Task instructions:
Would you repeat the listing below verbatim and drop the images?

Supplied data:
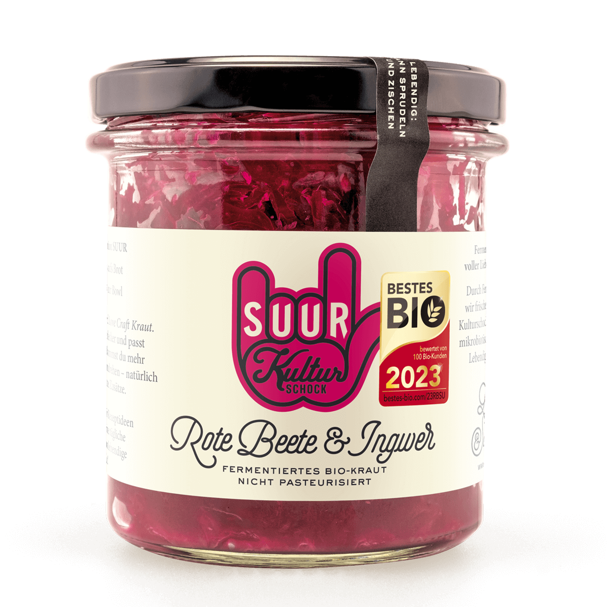 White cabbage*, beetroot* 32%, rock salt, ginger, fresh* 1.9%/ *from certified organic farming
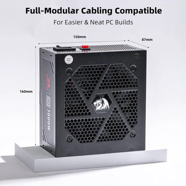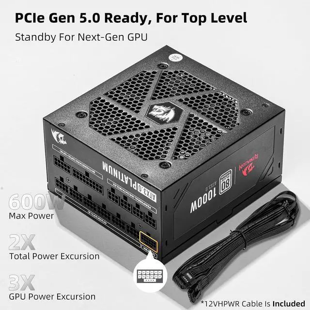 Redragon PSU017 80+ Platium 1000 Watt ATX Fully Modular Power Supply, 80 Plus Certified, 100% Japanese Capacitors & Low Noise Smart-ECO 0 RPM Fan, Full Mod Cables w/12VHPWR Cable, Black
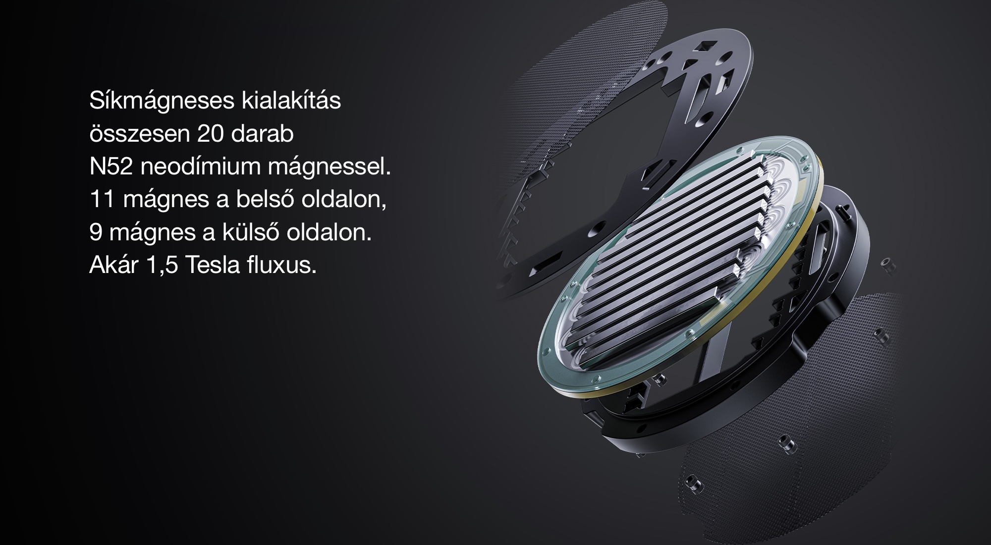Hogy a technikai résztelekbe is belemerüljünk picit: az FT5 egy-egy oldalának belsejében a 90 milliméteres átmérőjű meghajtókban N52 neodímium mágnessor található, amelynek fluxusa akár 1,5 Tesla is lehet, és a kialakítás tizenegy mágnest tartalmazó a belső oldalon, és kilenc mágnest a külső oldalon.

Written response:
 White cabbage*, beetroot* 32%, rock salt, ginger, fresh* 1.9%/ *from certified organic farming
 Redragon PSU017 80+ Platium 1000 Watt ATX Fully Modular Power Supply, 80 Plus Certified, 100% Japanese Capacitors & Low Noise Smart-ECO 0 RPM Fan, Full Mod Cables w/12VHPWR Cable, Black
Hogy a technikai résztelekbe is belemerüljünk picit: az FT5 egy-egy oldalának belsejében a 90 milliméteres átmérőjű meghajtókban N52 neodímium mágnessor található, amelynek fluxusa akár 1,5 Tesla is lehet, és a kialakítás tizenegy mágnest tartalmazó a belső oldalon, és kilenc mágnest a külső oldalon.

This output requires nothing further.